CardioExchange Archive

Boehringer Ingelheim failed to fully disclose data suggesting that one of its drugs, pramipexole,  a dopamine agonist sold under the brand name of Mirapex, is associated with a significantly increased risk of heart failure, according to a recent news report. The drug, which was originally developed for the treatment of Parkinson’s disease, is now also used to treat restless legs syndrome.

Although cardiac failure was an adverse event observed during clinical trials, and is mentioned in the drug’s label, a more definite association had not been established in the literature until recently. According to Pharmalot’s Ed Silverman, however, Boehringer Ingelheim appears to have been aware of the stronger association previously but made no effort to publish or disseminate its findings.

A study published in Pharmacoepidemiology & Drug Safety found an increased risk of cardiac failure associated with pramipexole and another dopamine agonist, cabergoline. But buried in the text of the report lies evidence that the finding should not have come as a surprise to Boehringer. Silverman writes:

The introduction to the study, which was entitled ‘Dopamine Agonist Use and The Risk of Heart Failure,’ noted that, “recently, adverse events of heart failure have been observed in association with the dopamine agonist pramipexole (the chemical name of Mirapex) in randomized trials.” The authors cited Boehringer “internal data” and a “personal communication from Dr. Bartels.”

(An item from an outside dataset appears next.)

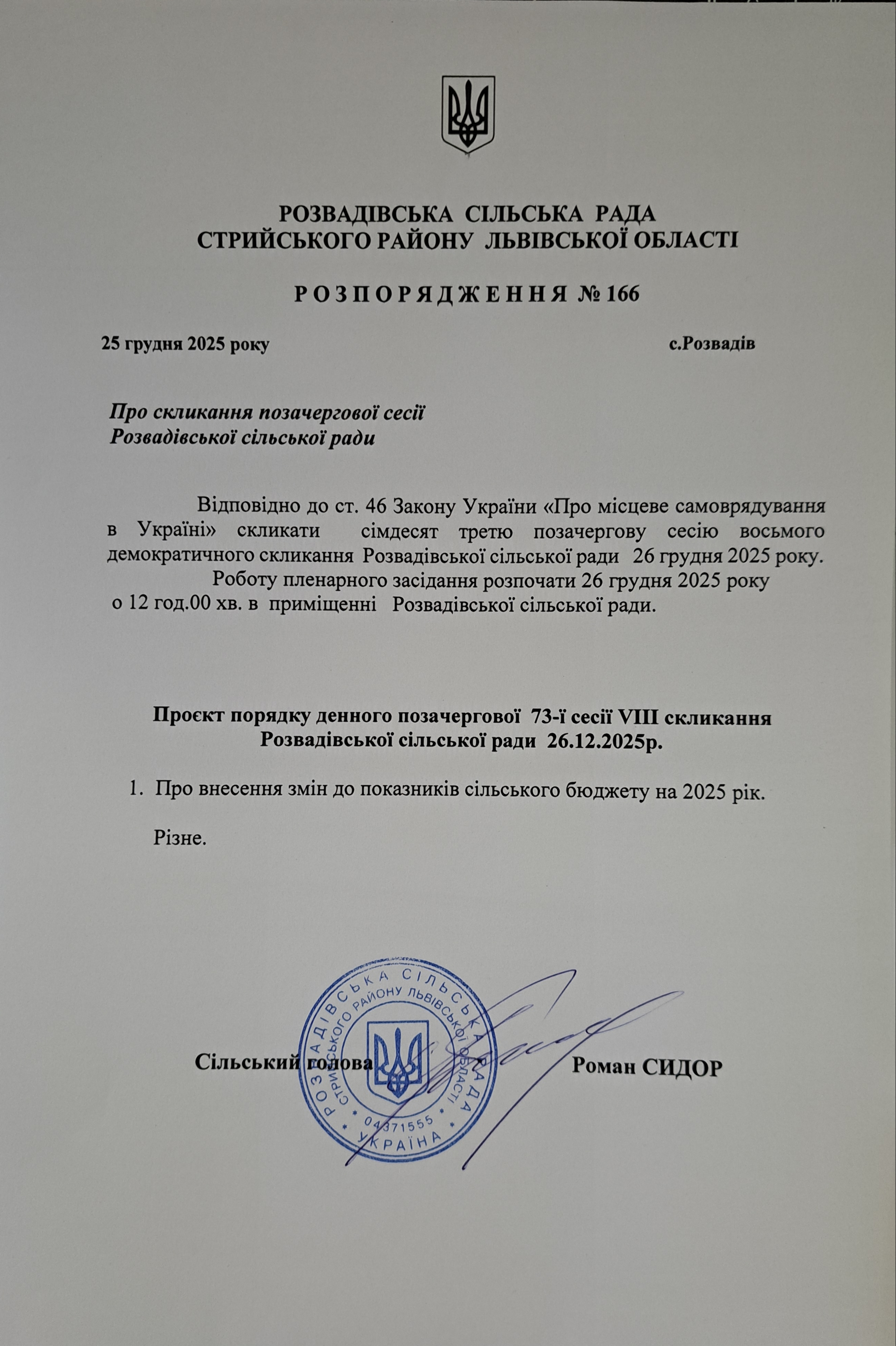 Відбудеться позачергова 73-тя сесія VIII скликання Розвадівської сільської ради

The reference was to Dorothee Bartels, who is corporate vice president and head of global epidemiology at the drugmaker. She provided the results of a pooled analysis from randomized Mirapex trials. Specifically, the introduction mentions a “signal of a potential risk of heart failure arose in pooled data from 26 placebo-controlled, randomized trials” in Parkinson’s and RLS patients.

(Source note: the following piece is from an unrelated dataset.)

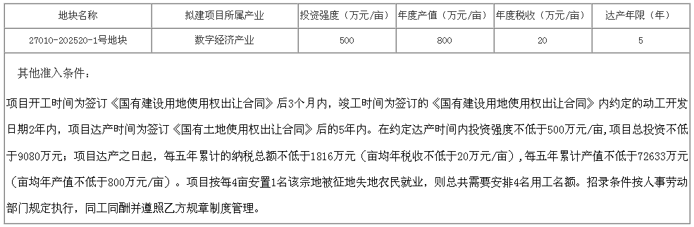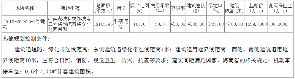 (一)按照《海南省产业用地控制指标》(琼自然资用〔2023〕12号)有关规定,该地块设定出让控制指标,具体如下:

Those trials involved 4,157 patients who were taking Mirapex and another 2,280 on a placebo, but the outcome was too small to draw reliable conclusions, the authors wrote, and raised questions about the potential for the risk to occur with other dopamine agonists. This led them to conduct the study. Yet those 26 trials were never made available. It is also not clear how far back they go in time.

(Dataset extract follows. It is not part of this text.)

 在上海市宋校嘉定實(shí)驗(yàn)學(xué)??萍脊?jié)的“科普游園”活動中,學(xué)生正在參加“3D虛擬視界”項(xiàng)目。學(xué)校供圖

A study author told Silverman that Boehringer did not supply him with the underlying data. The author told Silverman that “the only data I have are in the paper – rates, numbers, etc.”

Silverman asked Boehringer about the data, but only received information about new product labeling for the drug which contains “language related to cardiac events, and specifically heart failure or cardiac failure. Post-marketing surveillance studies continue to assess the safety and efficacy of our products… We continue to work closely with the FDA to ensure our products are appropriately labeled and are used safely.”

Silverman notes that the current label is identical to the 2006 label, but with the addition of one sentence in the post-marketing experience section: “In a pharmacoepidemiological study, pramipexole (Mirapex) use was associated with an increased risk of cardiac failure compared with non-use.”

Silverman quotes extensively from Harlan Krumholz (editor-in-chief of CardioExchange), who spoke about the issue:

I am disturbed that there seems to be a pooling of internal data indicating a potential problem with heart failure and there has been no opportunity for independent review.

This is an ideal situation where sharing of individual patient-level data with the entire research community, or at least with independent investigators, can provide information about the risk that was conveyed in the company’s personal communication to their consultant.

Such sharing would deflect concerns that the company is hiding something and allow a fair evaluation of the risk. With no record in the medical literature and no sharing of the data, we are left to wonder about these risks and the reason that the company has not been more forthcoming. I applaud them for doing analyses on harm, but they need to go further.

The privilege of selling a product should be accompanied by the responsibility to share data you have that is germane to the risks and benefits of the drug. Patients deserve access to information that could influence their decisions about clinical strategies. If it is true that the company has data from their trials that is relevant to concerns about the drug’s safety profile and that data has not been shared, then I hope they will move quickly to make it available.